(WORK REQUEST)
After finding "豆豉辣椒蒸鲫鱼,这个现蒸的鲫" in a line below, print that line and the rest of the lines exactly, leaving out all pictures.

Top of DATASET EXTRACT

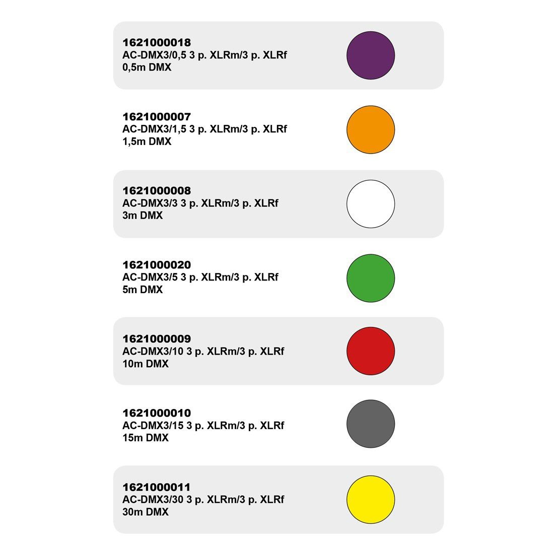 DMX kábel Tento 1,5m kábel DMX od spoločnosti ADJ bol navrhnutý pre všetkých profesionálov, ktorí hľadajú kvalitný kábel s dokonalým prenosom signálu. Je vybavený 3pinovými konektormi XLR a poskytuje impedanciu 110 Ohm. Všetky káble tejto série sú farebne označené podľa dĺžky, čo uľahčuje ich organizáciu a vyhľadávanie. Ideálna voľba pre každého osvetľovača, zvukára alebo manažéra podujatí.
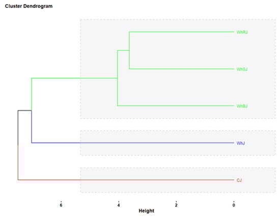 The hierarchical classification, represented by a dendrogram (Figure 8), grouped jelly samples into three distinct clusters. The first cluster, consisting of WhRJ, WhSJ, and WhBJ samples, indicates a high similarity among them, which can be attributed to similar compositional characteristics. The second cluster includes the WhJ sample, which presents an intermediate profile, different from the previous group but not entirely divergent. The third cluster, represented solely by the CJ sample, is the farthest from the others, suggesting a distinct profile, likely determined by variations in formulation, ingredients, or physicochemical properties.
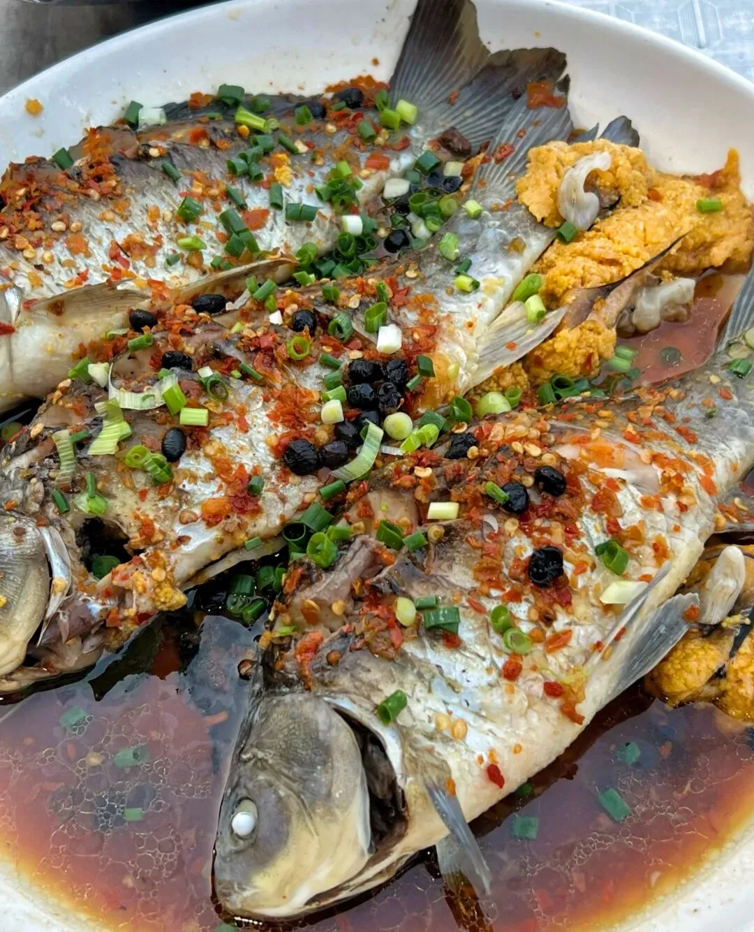 豆豉辣椒蒸鲫鱼,这个现蒸的鲫鱼,趁热吃很香,而且没有土腥味,鱼肉新鲜还有些鲜甜,鱼籽蘸着这蒸出来的酱水吃也很美味,只是鲫鱼还是刺多,吃起来有点麻烦,哈哈。
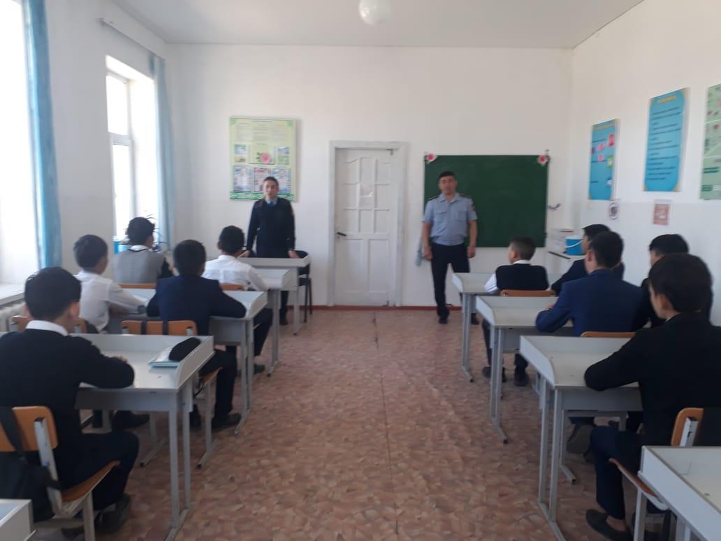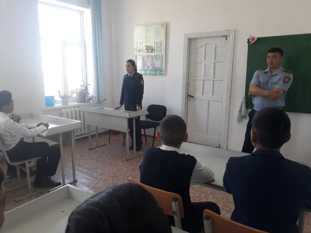 5-10 сыныптар арасында АҚСУ АПБ ЮПТ инспекторы полиция аға лейтенанты Н.Мамырбекова мен ауылдық учаскелік полиция лейтенанты М.Т.Алдабергеновпен "Қылмыссыз балалық шақ " атты тақырыпта кездесу өтті.

Bottom of DATASET EXTRACT

(RESPONSE FOR THIS EXERCISE)
 豆豉辣椒蒸鲫鱼,这个现蒸的鲫鱼,趁热吃很香,而且没有土腥味,鱼肉新鲜还有些鲜甜,鱼籽蘸着这蒸出来的酱水吃也很美味,只是鲫鱼还是刺多,吃起来有点麻烦,哈哈。
 5-10 сыныптар арасында АҚСУ АПБ ЮПТ инспекторы полиция аға лейтенанты Н.Мамырбекова мен ауылдық учаскелік полиция лейтенанты М.Т.Алдабергеновпен "Қылмыссыз балалық шақ " атты тақырыпта кездесу өтті.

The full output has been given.